Adams unveils Cuba memorial to Bobby Sands
Former MP Bobby Sands and nine republican hunger strikers gave their lives 20 years ago because they believed in the right of the people of Ireland to shape their own destiny, Sinn Fein president Gerry Adams said today.
The West Belfast MP said at the unveiling of a memorial in the Cuban capital Havana that former Prime Minister Margaret Thatcher’s government had sought to deny the ideal of justice, equality, freedom and the national right for self determination.
Mr Adams, who later met Cuban President Fidel Castro in Havana, paid a tribute in his speech to about 100 hunger strikers whose names were inscribed on the marble memorial. He said: ‘‘You have to ask what were the hunger strikes in Ireland about?
‘‘They were of course about the prison conditions in Armagh women’s prison and the H Block of Long Kesh.
‘‘They were about the denial of human rights to those prisoners and their families and friends and of course those are important fundamental issues.
‘‘But mostly what the hunger strike was about can only be understood in the context of understanding the human spirit, about how the human spirit when taken by an ideal or idea or objective can rise above itself and how the human spirit in raising itself can do mighty, unimaginable and courageous things.’’
The Sinn Fein leader claimed the hunger strikers and other republican prisoners shared the same goal.

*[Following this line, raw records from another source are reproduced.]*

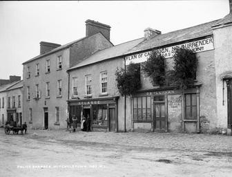 | Keywords: mitchelstown cork ireland munster donkey cart barrell boy dog police barracks r.i.c. ric royal irish constabulary royalirishconstabulary carcases butcher apron smoking pipes delarue grocer tobacco snuff fabric material birds plan of campaign planofcampaign no surrender nosurrender o'sullivan osullivan pollard bran oats grafitti shutters robert french robertfrench william lawrence williamlawrence lawrence collection lawrencecollection glass negative glassnegative 1880s upper cork street uppercorkstreet thomas delarue thomasdelarue maurice o'sullivan mauriceosullivan kingston estate kingstonestate 1887 june william davis williamdavis countess of kingston countessofkingston national library of ireland nationallibraryofireland evictions blackandwhite monochrome building architecture outdoor black and white Feeling some performance anxiety because this photo is very special - it's our 1,000th photo on Flickr Commons! However, it's also special in that it's a quite rare (we think) capture of an eviction in a town. Most that we have are in rural settings. We thought this may have been taken in September 1887 around the time of the "Mitchelstown Massacre", but as always, research here was a great help in establishing a more likely date of June 1887... The Plan of Campaign was an attempt to gain lower rents through collective bargaining, because prices for agricultural exports had fallen dramatically in the 1880s. Date: Circa June 1887 NLI Ref.: L_ROY_01083 Feeling some performance anxiety because this photo is very special - it's our 1,000th photo on Flickr Commons! However, it's also special in that it's a quite rare (we think) capture of an eviction in a town. Most that we have are in rural settings. We thought this may have been taken in September 1887 around the time of the "Mitchelstown Massacre", but as always, research here was a great help in establishing a more likely date of June 1887... The Plan of Campaign was an attempt to gain lower rents through collective bargaining, because prices for agricultural exports had fallen dramatically in the 1880s. Date: Circa June 1887 NLI Ref.: L_ROY_01083 |
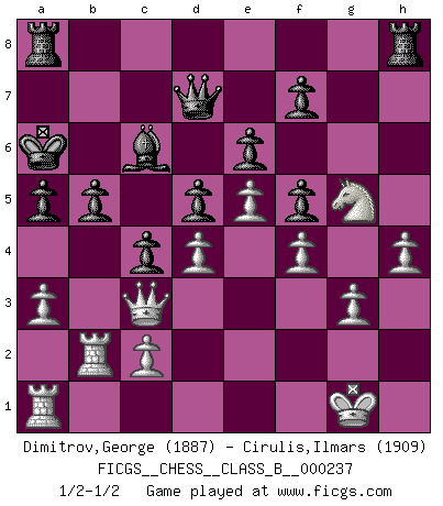 Last move : 1/2-1/2 2016 September 6 9:0:59 [Event "FICGS__CHESS__CLASS_B__000237"] [Site "FICGS"] [Date "2016.01.31"] [Round "1"] [White "Dimitrov,George"] [Black "Cirulis,Ilmars"] [Result "1/2-1/2"] [WhiteElo "1887"] [BlackElo "1909"] 1.e4 a6 2.d4 e6 3.f4 d5 4.Nc3 Bb4 5.e5 c5 6.a3 Bxc3+ 7.bxc3 c4 8.Qg4 g6 9.Be2 Bd7 10.Nf3 h5 11.Qg3 Ba4 12.Bd1 Ne7 13.Nh4 Nbc6 14.Rb1 Qa5 15.O-O O-O-O 16.Qe1 Na7 17.Qd2 Nb5 18.Nf3 Kb8 19.Ng5 Rdf8 20.Qe1 Qc7 21.Rb4 Na7 22.Bd2 Qa5 23.Rb2 Nf5 24.Bf3 Bc6 25.Qc1 Nh4 26.Be2 Nc8 27.Rb4 Nb6 28.Be3 Kc7 29.Bf2 Nf5 30.Nf3 Na4 31.Qd2 b5 32.Nh4 Ne7 33.Kh1 Rc8 34.Nf3 Nf5 35.Ng5 Be8 36.h3 Kb7 37.Bf3 Ne7 38.Be1 Qc7 39.Kh2 a5 40.Rb1 Nf5 41.Bf2 Nb6 42.Kg1 Bc6 43.Ra1 Na4 44.Rfb1 Qe7 45.Be2 Ka7 46.Kh1 Kb7 47.Qe1 h4 48.Kg1 Ka6 49.Bg4 Rh6 50.Bxf5 gxf5 51.Bxh4 Nxc3 52.Qxc3 Rxh4 53.g3 R4h8 54.h4 Ra8 55.Rb2 Qd7 1/2-1/2 St. George (Baker) defense Kingside Castling by player White (move 15) Queenside Castling by player Black (move 15) This chess game ended in a draw. Follow this game move after move (download)There is only one thing Fischer does in Chess without pleasure: to lose ! (Boris Spassky) Der Partner hat auch seine Existenzberechtigung. (Savielly Grigorievitsch Tartakower) El Ajedrez es un mar en el cual un mosquito puede beber y un elefante puede bañarse. (Refrán Hindú) Ne tendez aucun piège pour le plaisir ! Ne jouez rien dans l'espoir que l'adversaire réagisse de façon stupide ! Prenez toujours pour acquis que l'adversaire va trouver le meilleur coup ! Ne jouez jamais de coup dans l'espoir que l'adversaire ne voie pas la menace ! Chacun de vos coups doit améliorer la position d'une façon ou d'une autre. A good aphorism is too hard for the tooth of time, and is not worn away with the centuries, although it serves as food for every speech. (Friedrich Nietzsche)
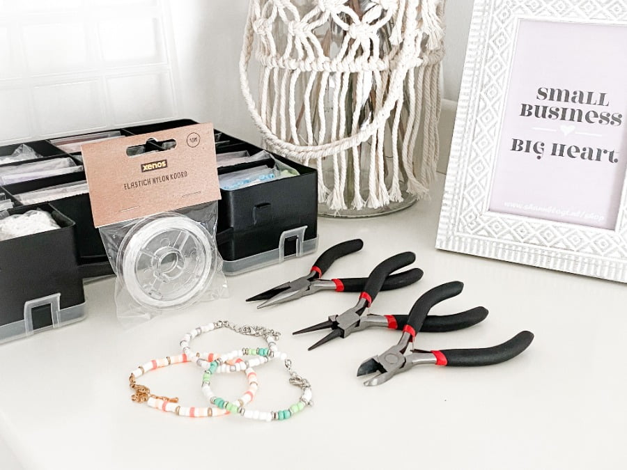 Producten die ik onder andere in mijn webshop verkoop zijn handgemaakte sieraden. Deze vind je in de categorie ‘Handmade with Love’ mocht je daar benieuwd naar zijn. Ik gebruikte daar altijd tangen voor die ik bij papa in de schuur vond. Echte sieradentangen zijn natuurlijk een stuk praktischer. Guess what? Deze vond ik dus gewoon bij Xenos! Evenals elastisch nylondraad wat ik ook altijd graag gebruik voor mijn handgemaakte sieraden. SCORE, SCORE, SCORE!
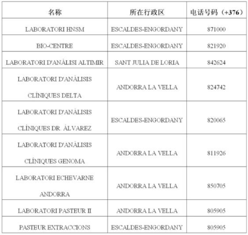 駐西班牙使館公布認(rèn)可的安道爾境內(nèi)核酸檢測(cè)機(jī)構(gòu)
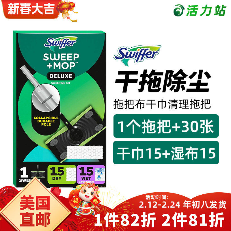 📚 美国直邮 SWIFFER2合1清洁拖把套装干巾湿巾除尘污渍头发可折叠杆
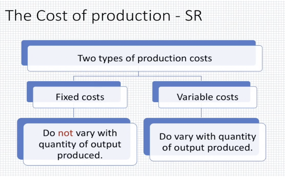 Fixed Factors of Production: Inputs that cannot be changed in the short term and stay the same regardless of how much output is produced
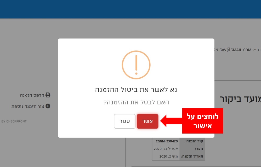 כנס/י לדוא"ל שנשלח אליך מיד לאחר שתאמת ביקור – ולחץ/י על כפתור "ביטול" בחלק התחתון של המייל
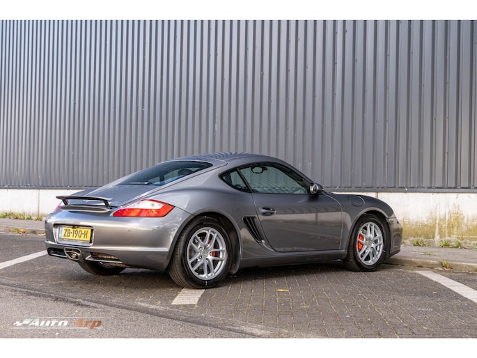 Op voorraad: een prachtige Porsche Cayman 2.7 Tiptronic uit 2007, uitgevoerd in de stijlvolle kleur Seal Grau Metallic met zwart lederen sportstoelen. Deze auto combineert de pure sportwagenbeleving van Porsche met het comfort van de betrouwbare Tiptronic automaat.
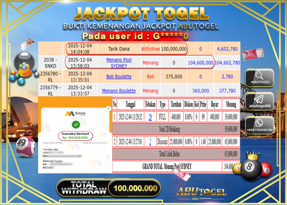 Bukti Jackpot Togel Online Abutogel Sabtu 06 Desember 2025
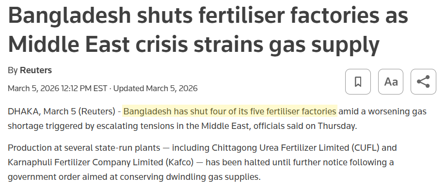 Bangladesh has had to shut down fertilizer factories as Middle East crisis strains gas supply. Egypt has lost its gas imports from Israel and must turn to the ever-pricier LNG market. The benchmark price of urea, the most widely traded fertilizer, is up about 30 percent in the last month.
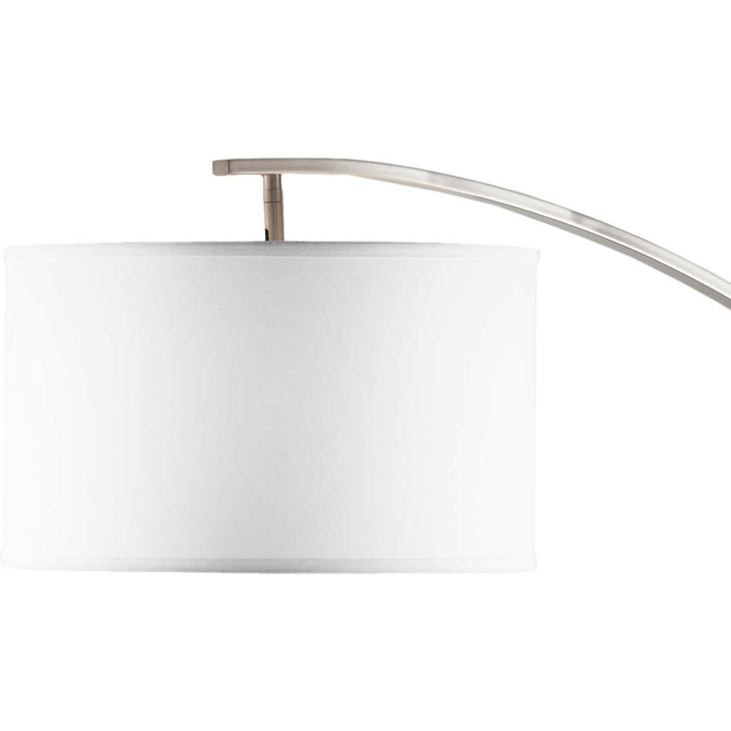 Nova Plimpton 72" 1 Light Arc Floor Lamp in Espresso Wood, Brushed Nickel, & White Linen
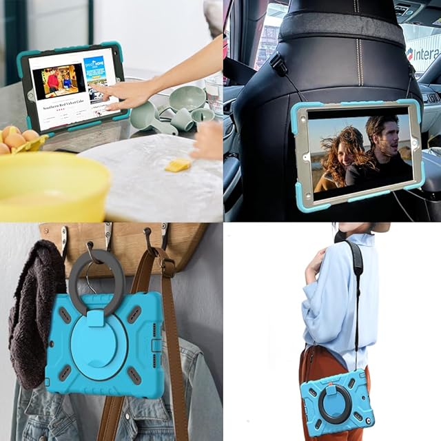 【360°回転キックスタンドとハンドル】 折りたたみ可能なスタンドで、横向きでも縦向きでも異なる視野角に対応。 タブレットをあらゆる場所に置くのに便利です。 持ちやすいハンドルデザインは、持ち運びにも吊り下げにも適しています。
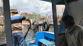 Nachdem der Bootsführer 10 Reisende auf seinem Schiff zusammengepfercht hat, startet er endlich den Aussenbordmotor und steuert das Boot in Schräglage über den See Richtung Grenze.
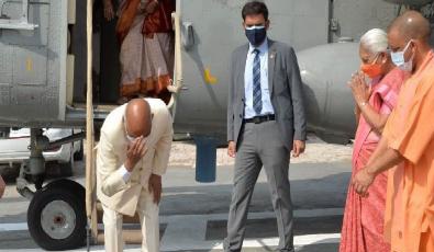 देश के राष्ट्रपति रामनाथ कोविंद तीन दिवसीय दौरे पर उत्तर प्रदेश पहुंचे हैं। तय कार्यक्रम के अनुसार महामहिम रविवार सुबह सबसे पहले अपने गांव परौंख पहुंचे। यहां उन्होंने पथरी देवी मंदिर में दर्शन किए और फिर गांव वालों का अभिनंदन करते हुए सभी को धन्यवाद दिया। इसके बाद राष्ट्रपति ने अपनी मातृभूमि को झुककर नमन किया और उसकी मिट्टी को माथे पर लगाया। राष्ट्रपति के साथ यूपी के मुख्यमंत्री योगी आदित्यनाथ के अलावा राज्यपाल आनंदीबेन पटेल भी मौजूद रहीं।
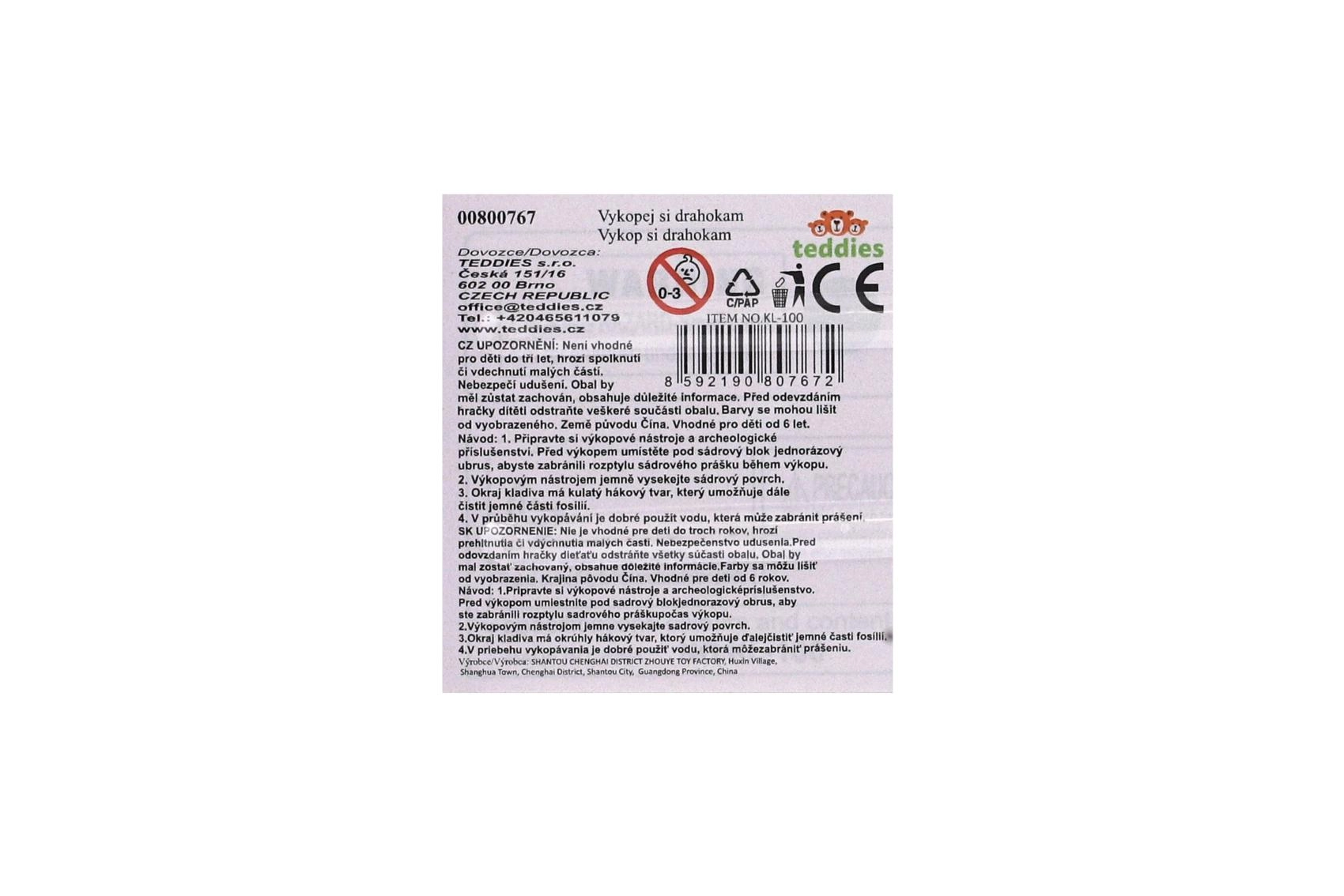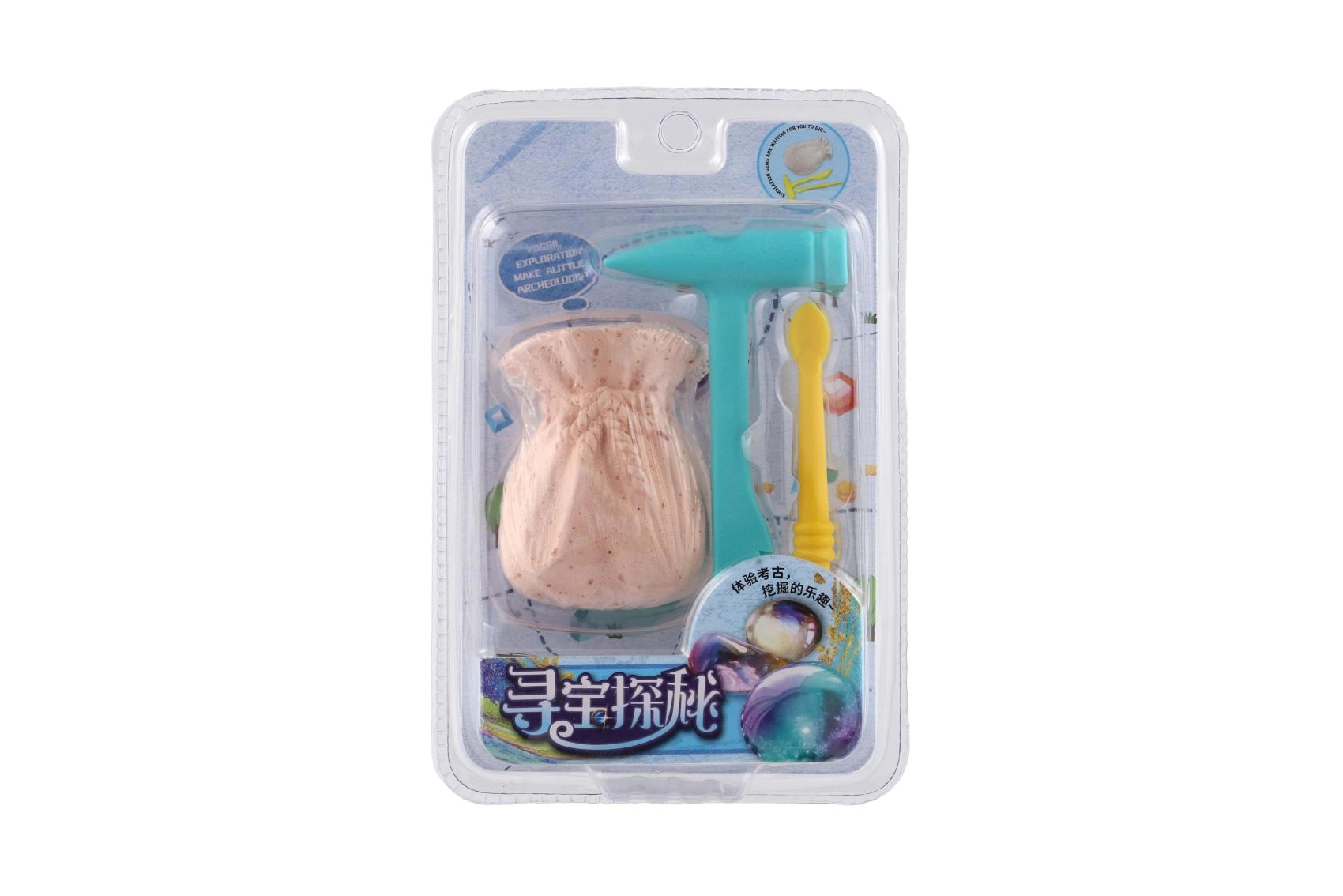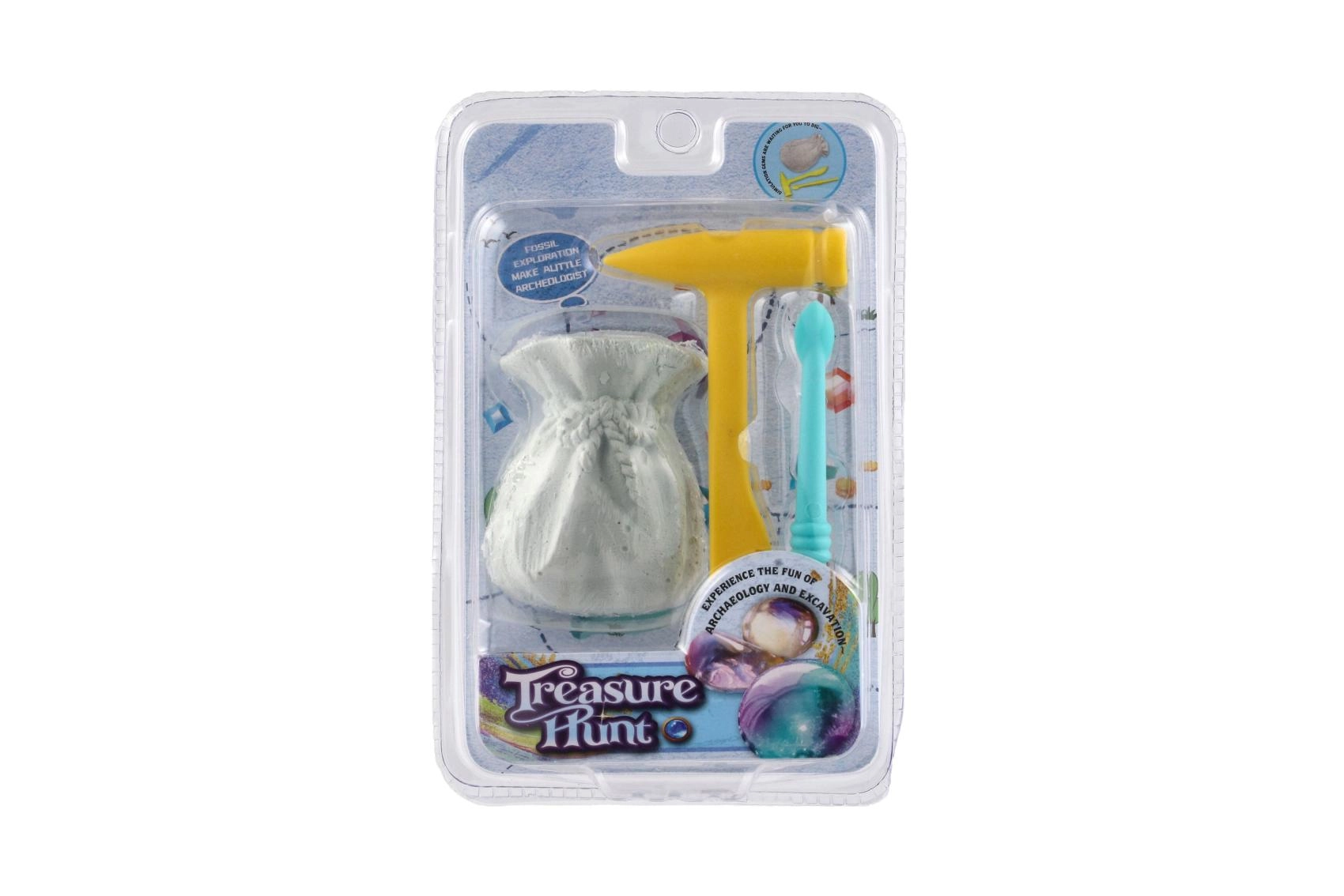 Kompakten blister vsebuje kladivce, dletce/čopič in blok v obliki mošnjička s skritim kamnom – pripravljeno za izkopavanje takoj po odprtju.
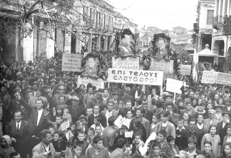 Στη φωτογραφία, κορίτσια μπροστά από τον μητροπολιτικό ναό της Υπαπαντής κρατούν στεφάνια που προορίζονται για τους τάφους των νεκρών ανταρτών στη Φραγκόλιμνα. Δίπλα στην είσοδο του ναού έχει τοιχοκολληθεί η επιγραφή «Κανένας νέος, νέα και αητόπουλο έξω από τις γραμμές της ΕΠΟΝ».
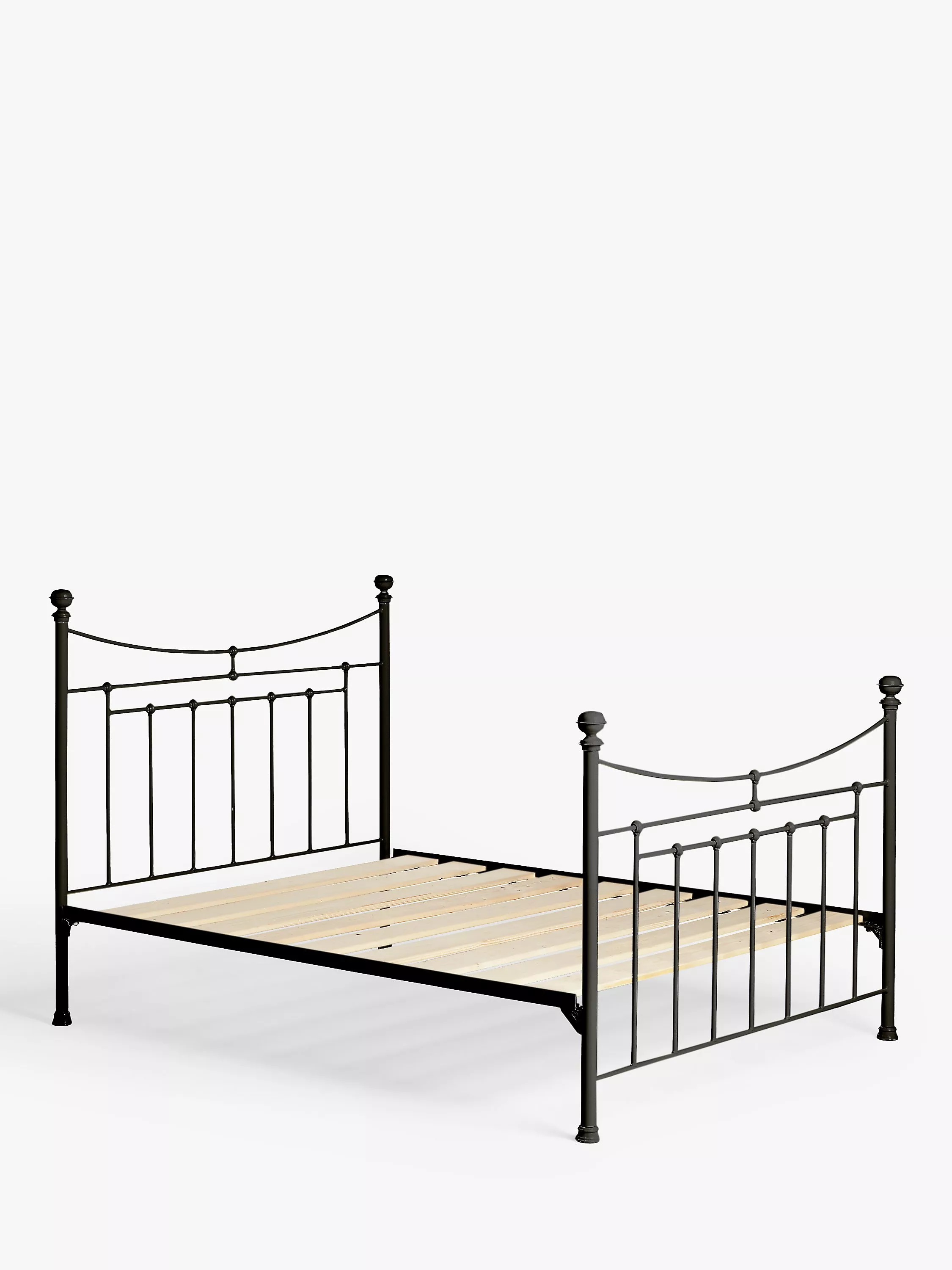 A timeless classic, the Lily bed frame from Wrought Iron And Brass Bed Co. balances the clean-lines of its slender slatted headboard and tailboard with downward, sweeping curve detailing. Made in the UK from solid wrought iron, its elegant frame references traditional Victorian design thanks to added cast iron fittings and colour-coordinating finials. It's also been coated in a high-quality powder-coated finish that acts as a protective layer. Made from Scandinavian pine wood, solid slats provide a firmer base for your mattress. This bed frame will become the centrepiece of your bedroom.

‘‘They believed in freedom, they believed in independence and they believed in the right of the people of Ireland to shape our own destiny in our own way,’’ he said.
‘‘It was that idea, that idea of justice, equality and freedom, of the human rights to national of determination which the Thatcher government sought to destroy.
‘‘That is why not just because of the unimaginable sacrifice of the prisoners but because of their ideals why you people here in Cuba are so touched by what happened.
‘‘It is why we who have come from Ireland are so touched that you people here remember, as we remember, that terrible dark summer of 1981.’’
A military colour party greeted the Sinn Fein leader and his entourage as they arrived in a public park for the unveiling of the memorial.
Recordings of the Cuban and Irish national anthems were played followed by the laying of a wreath by Mr Adams and the Cuban soldiers.
The Sinn Fein president also met local schoolchildren and mingled with Cubans and Irish expatriates who gathered for the ceremony.
Mr Adams met President Castro after visiting a social workers training college and delivering a keynote address at the Cuban Institute For the Friendship of the Peoples.